Seven Virginia public colleges and universities, including the University of Virginia, are facing a lawsuit after the Mexican-American Legal Defense and Educational Fund filed a legal challenge Tuesday on behalf of undocumented citizens, who the advocacy group says have been denied or will be denied admission at the schools based on their immigration status.
Last September, Virginia Attorney General Jerry Kilgore issued a memo of legal advice to Virginia public colleges and universities advising them against admitting undocumented citizens.
"It's the attorney general's view that schools as a matter of policy should not admit illegal aliens," Kilgore Spokesperson Tim Murtaugh said. "However, ultimately it's the schools that make that policy. There is no federal or state law that either requires or forbids the admission of illegal aliens."
According to Trisha Talman, Southeast regional counsel for MALDEF, the memo also recommended that educators report students based on their "perceived immigration status" to the attorney general and the Immigration and Naturalization Service.
"An educator's role is to educate, not to determine what an individual's immigration status is," Talman said, adding that her organization drafted a reply to Kilgore's memo last fall responding to his assertions, and had hoped to avoid a legal confrontation.
"We've really worked since October of last year to try to resolve this situation short of litigation," she said.
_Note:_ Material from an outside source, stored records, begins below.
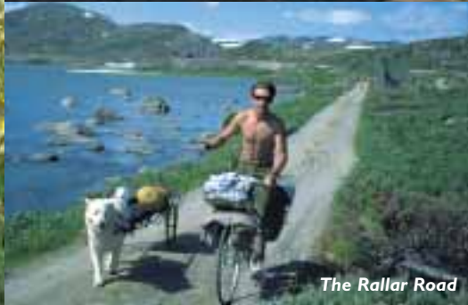
The Rallar Road
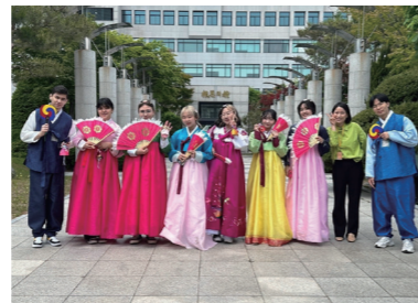
Korean Culture Experience
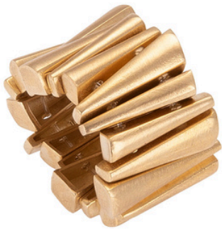
CCR-2004 € 91

Recently, however, "we determined that the best way to proceed in this matter was to have a lawsuit."
Talman also said Virginia is an anomaly in regard to the lack of educational opportunities Kilgore feels should be afforded to undocumented citizens.
"The debate throughout the country and in Congress is not about whether the students should be able to attend college, because they are," she said. "The debate is over how to provide them with an affordable education."
Presidents and Board of Visitors rectors from the University, George Mason University, Virginia Commonwealth University, Virginia Tech, Northern Virginia Community College, James Madison University and the College of William and Mary all were named as defendants in the suit.
George Mason University followed Kilgore's lead on not admitting undocumented citizens, but still attempts to aid them in gaining citizenship and educational opportunities, Executive Director of University Relations George Walsch said.
"Our policy is that if somebody is illegal, we do work with them to help give them guidance as to how to gain legal status," Walsch said.
University President John T. Casteen, III and other University administrators said they could not comment on the lawsuit because it is pending litigation.
Murtaugh suggested that undocumented citizens in Virginia who want to attend its schools should simply become legal citizens before applying to college, just as they prepare for the SAT or take challenging high school coursework.
"I submit that if you are an illegal alien, becoming a legal resident of Virginia might be one of those things you do to prepare for college," he said.
According to Talman, though, gaining legal citizenship is an extremely difficult process.
"It takes years upon years," she said. "There are individuals who have had pending applications [for citizenship] based on political asylum for 10 years."
The first hearing on the lawsuit will take place Monday in Alexandria, Va.